Senior apartment complex gets emotional final OK

BY PRU SOWERS

KONK LIFE STAFF WRITER

The unanimous vote was perfunctory but the emotions underlying the final approval for a long-awaited senior assisted living facility were palpable at a Key West City Commission meeting on June 21.

Commissioners gave the last required approval for the major development plan for a 108-unit facility named Poinciana Gardens, to be located at 1664 Dunlap Drive in Poinciana Plaza, after the planning board did the same in April. The groundbreaking is expected to take place in August, with the facility open to new residents in the spring of 2018.

“We’ve been working on this for 15 years. I cannot tell you the immense impact this will have on our senior community,” said Ed Swift, co-chair of the Florida Keys Assisted Care Coalition.

“It’s been a long time coming,” said Mayor Craig Cates. “It’s just incredible it’s finally going to happen.”

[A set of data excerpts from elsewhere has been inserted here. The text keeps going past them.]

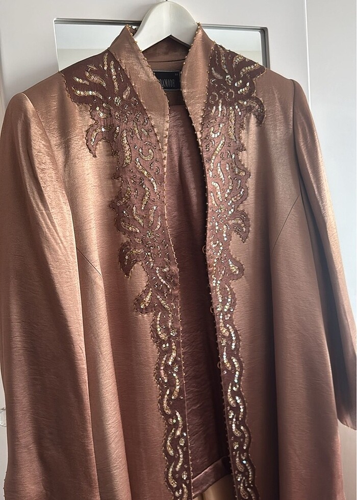 Yeni hiç giyilmedi sıfır abiye pantılon atlet ceket 44 beden pantılonu esneme olmaz diye 46 almıştım pacalarını bile daha yapmadım yepyeni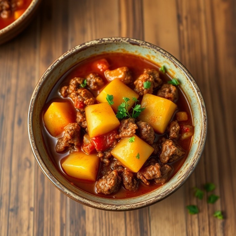 Un reconfortante guiso que combina carne molida, papas y cebolla en una salsa de tomate casera, ideal para disfrutar en familia.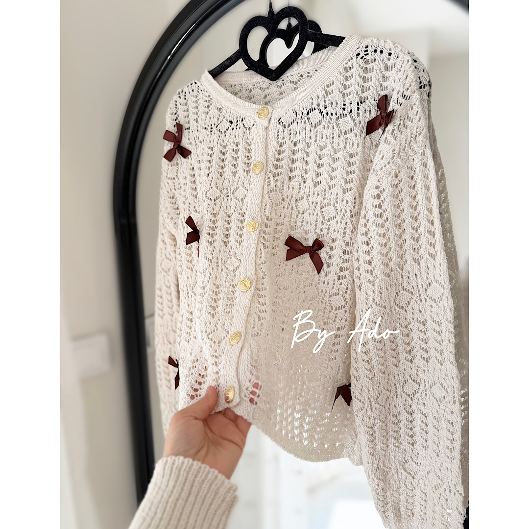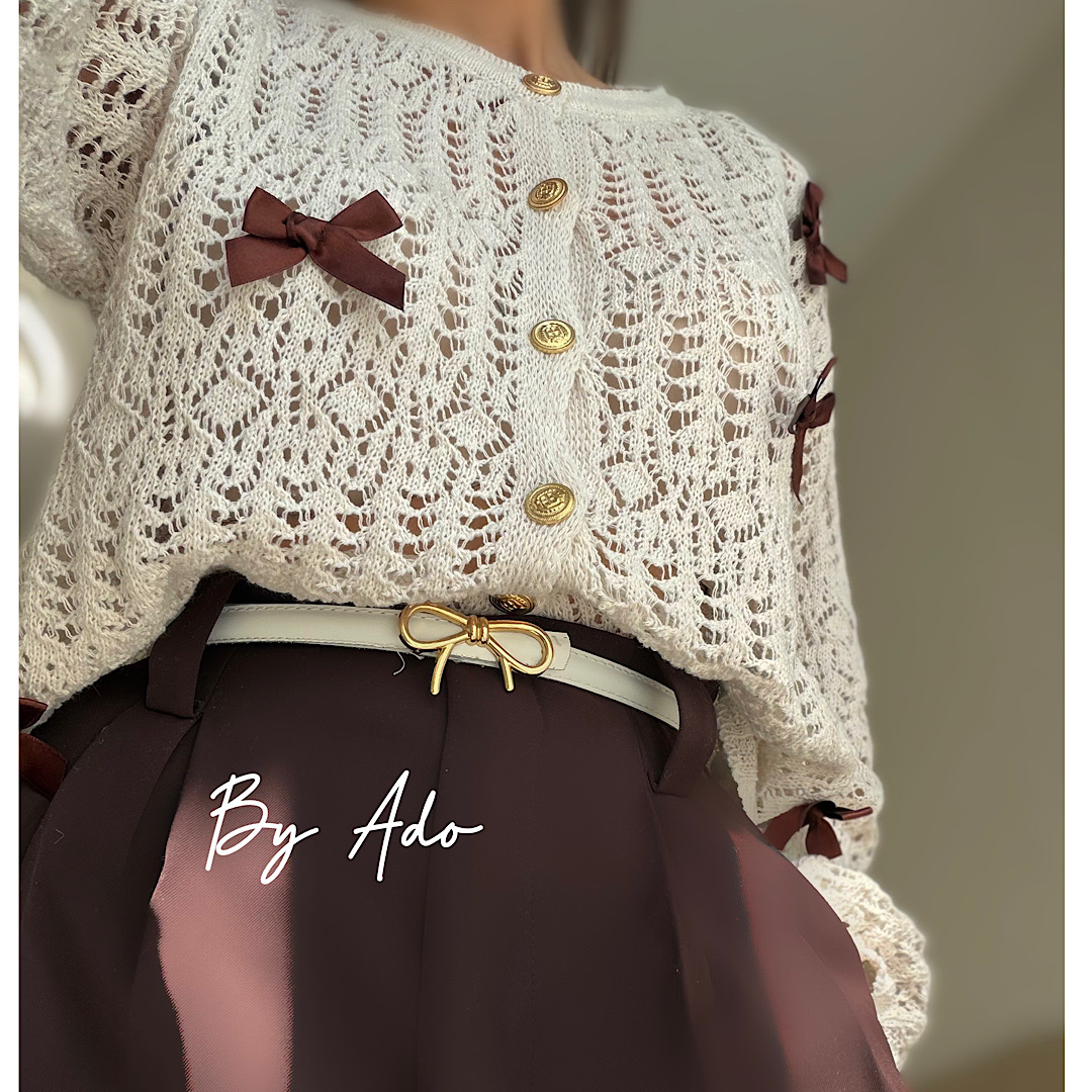 سلامليكم به آدو خوش اومدي ♥️🫶🏻 بريم سراغ اين بافت کاردیگان شيري رنگ با پاپیون قهوه ای كه اسمشو گذاشتم (تافی )خانوم 😍 تك سايز و تك رنگه در حالت بخار خورده دور سينه حدودا ١٢٠ و قدش حدودا ٥٢ هست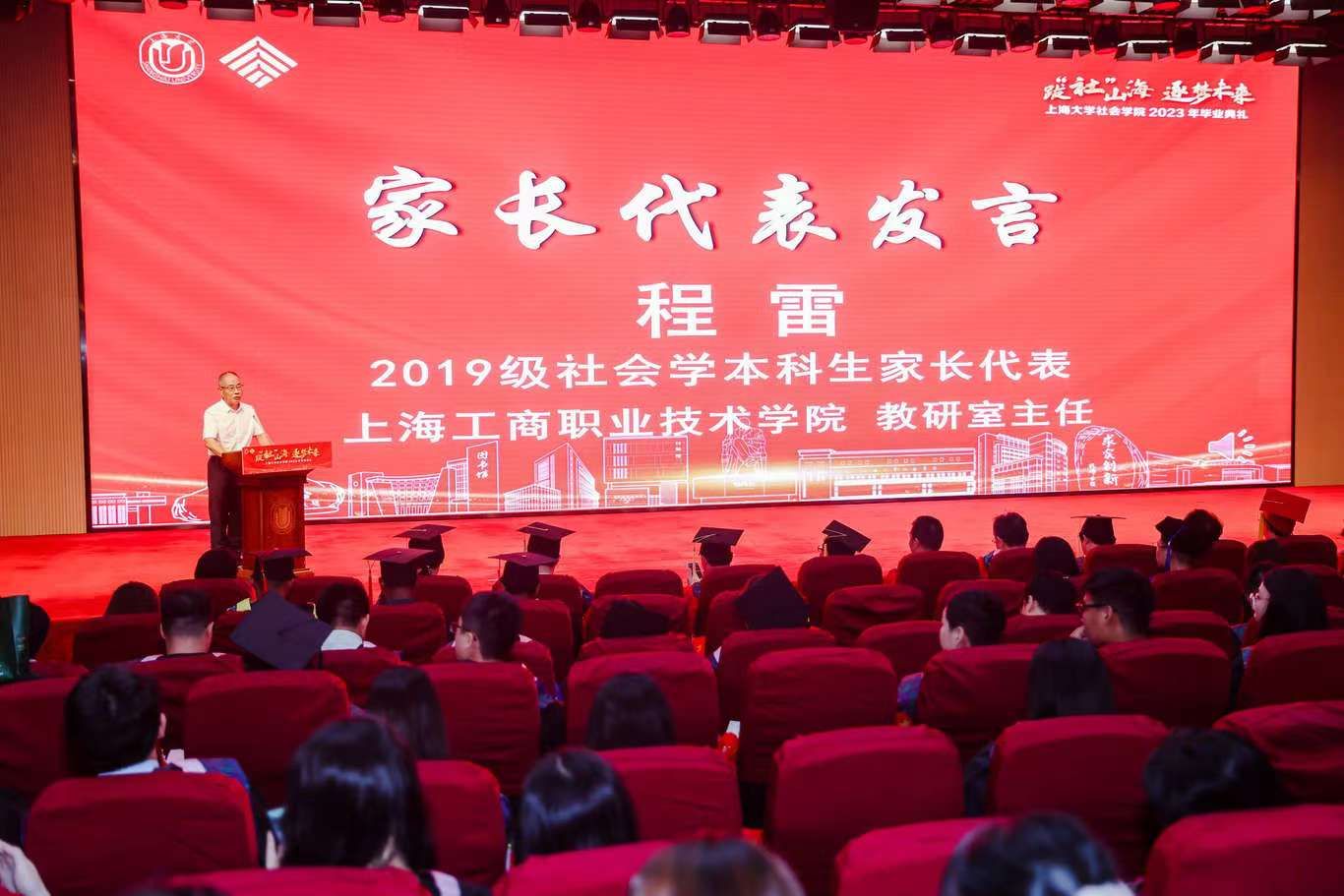 2019级社会学本科生家长代表、上海工商职业技术学院教研室主任程雷先生作为家长代表上台发言。身在一个拥有三代“上大”基因的家庭,他对ok138cn太阳集团怀着一份深厚的情谊。程雷先生对校院领导、老师和辅导员们耐心细致的陪伴表达了深深的感激。同时,他也祝福毕业生能够成为善良、幸福的人,在未来的日子里谨记校训院训,自强不息、扎根田野、展望未来。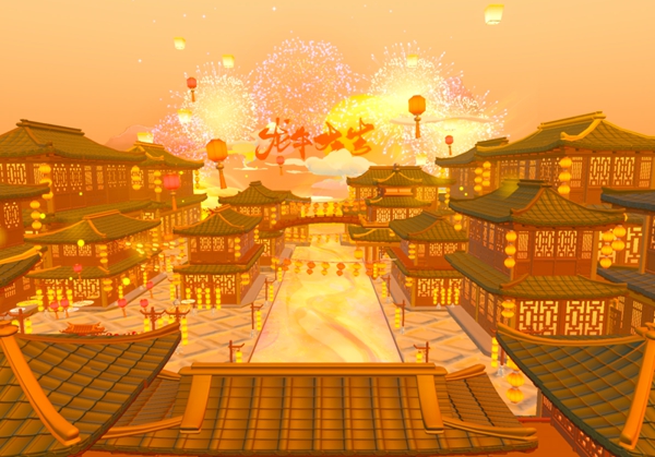 喜庆庙会横纵乐园,烟火绽放点亮夜空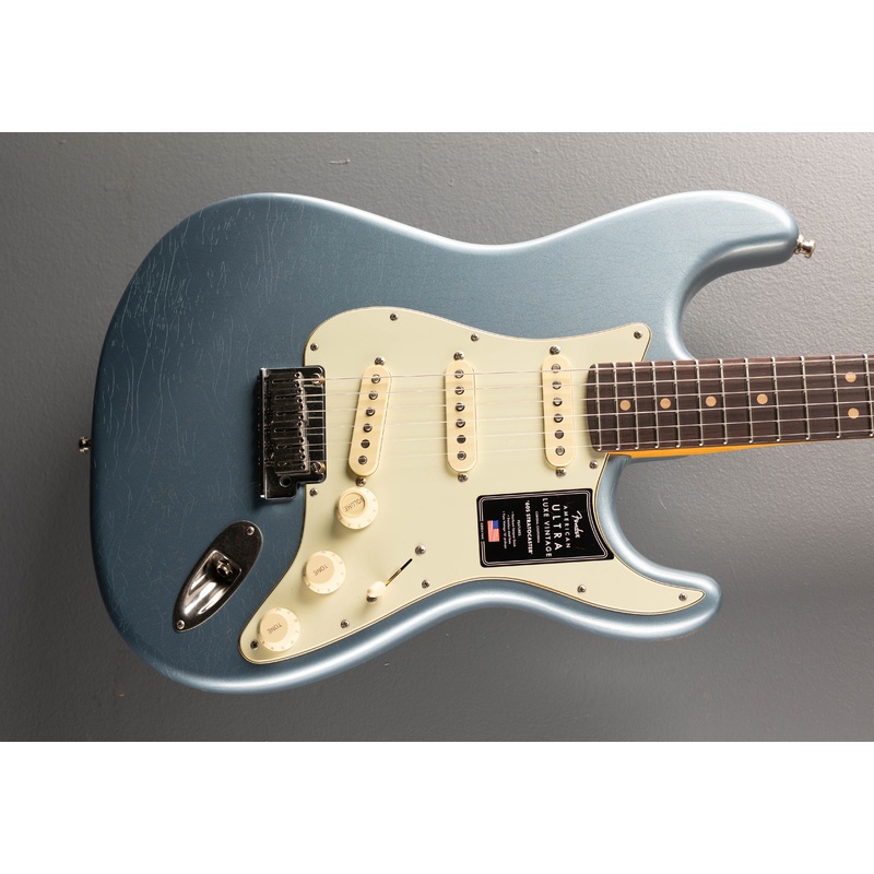 Ice Blue Metallic, Heirloom Nitrocellulose Lacquer Finish, Alder body with Ultra contours and tapered neck heel, 10″-14″ compound radius Rosewood fingerboard with Clay Dot inlays and Medium Jumbo Stainless Steel frets on a Modern D shaped Quartersawn Maple neck with Luminlay side dots, 25.5″ scale length, 1.685″ nut width, Pure Vintage ’61 Single-Coil Strat Neck/Middle/Bridge pickups, Master Volume (S-1 Switch), Tone 1-2, five position blade switching,2-Point Deluxe Synchronized Tremolo with Pop-In Arm, Deluxe Cast/Sealed Locking tuners, 7.6 pounds, comes with hardshell case.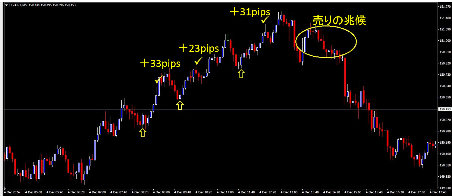上昇後、買い目線が一旦落ち着き、今度は売りの兆候が出ていますので、この辺りから売り目線に切り替えます。
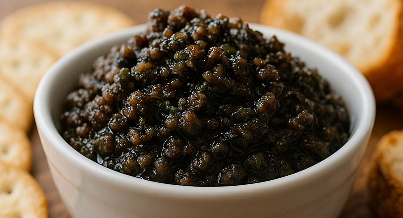 オリーブとケイパー、アンチョビの旨みがぎゅっと詰まったタプナードは、パンに塗るだけでワインのお供になる万能ソースです。シンプルな材料で手軽に作れるのに、味わいは本格的。作り置きしておくと、パスタや肉料理のアクセントにも活躍します。

Although tasked by city commissioners back in 2013 to develop and build a housing complex specifically for low and moderate income senior citizens who need assistance with meals, housekeeping and non-major health issues, the push for the facility has been going on for the last decade and a half. Four local women; Lucie Adams, Nancy Johnson, Molly Shallow and Betty Behrens first had the idea of building a senior housing facility, teaming up with Swift and Joan Higgs to form the Keys Assisted Care Coalition. But, said Coalition Board Coordinator Sandy Higgs, the project has gone through so many delays that three of the four original women have died. And while Poinciana Gardens will fill an important need in the community, most of the moderate-income Coalition members – who helped raise $400,000 over the past 15 years to pay for project and property research – won’t be able to meet the income qualifications to live in the facility. Ironically, they make too much money, Higgs said.

“As wonderful as this [Poinciana Gardens approval] is, and it is truly wonderful, while we’re happy, we’re also sad. None of the members of the Coalition will qualify. Not a one,” Higgs said, adding, “We’re in the middle of another mass exodus now. I know of six families who are leaving. You can’t squeeze the middle class more than they’re already being squeezed.”

The project came tantalizing close to approval a few years ago when commissioners considered a proposal to build the apartment building on city-owned land in what will now be the Truman Waterfront Park. But the motion needed a two-third vote to move ahead, not a simple majority, and it failed.

Since then, finding a parcel of land for the project has become difficult. But the Key West Housing Authority, led by executive director Manual Castillo, Jr., carved out a section inside of Poinciana Plaza, located at Duck Avenue and 17th Street. The new three-story structure will replace an existing, four-unit apartment building on the property and will provide 108 apartments for an estimated 140 people. The first two floors will have 60 apartments for more independent seniors, with the third floor offering 48 units with assisted living services, which include more care and supervision for residents.

In addition, the new facility will have a “respite care” program, where 25 non-resident seniors can receive daycare during the day.

Local resident Rev. Randy Becker said that the increasingly high cost of living in Key West, plus the lack of social services for the elderly, has forced many seniors to move out of town. In addition to the experience and contributions made by these seniors, the “lore of the island” is increasingly being lost, he said.

“One of the dilemmas I see in this community is that when people get to a certain place in their lives, unless they have family structures to support them, they have to leave the island. And we become less of a multi-generational community of depth that we would like to be,” Becker told commissioners at their meeting.

The size of the independent and assisted apartment will range from 275 square feet for a studio apartment to 675 square feet for a two-bedroom unit. Rents will range from $450 to $2,300 per month for the independent apartments but additional fees and services could boost those rent figures to $750 to $4,000 per month for the assisted living units.

Construction is expected to take 20 months and the budget for the project is $21.5 million. The facility will be managed by Key West Senior Development, a non-profit company owned by American House Senior Living Communities, which operates more than 50 senior housing complexes in Michigan, Illinois and Florida.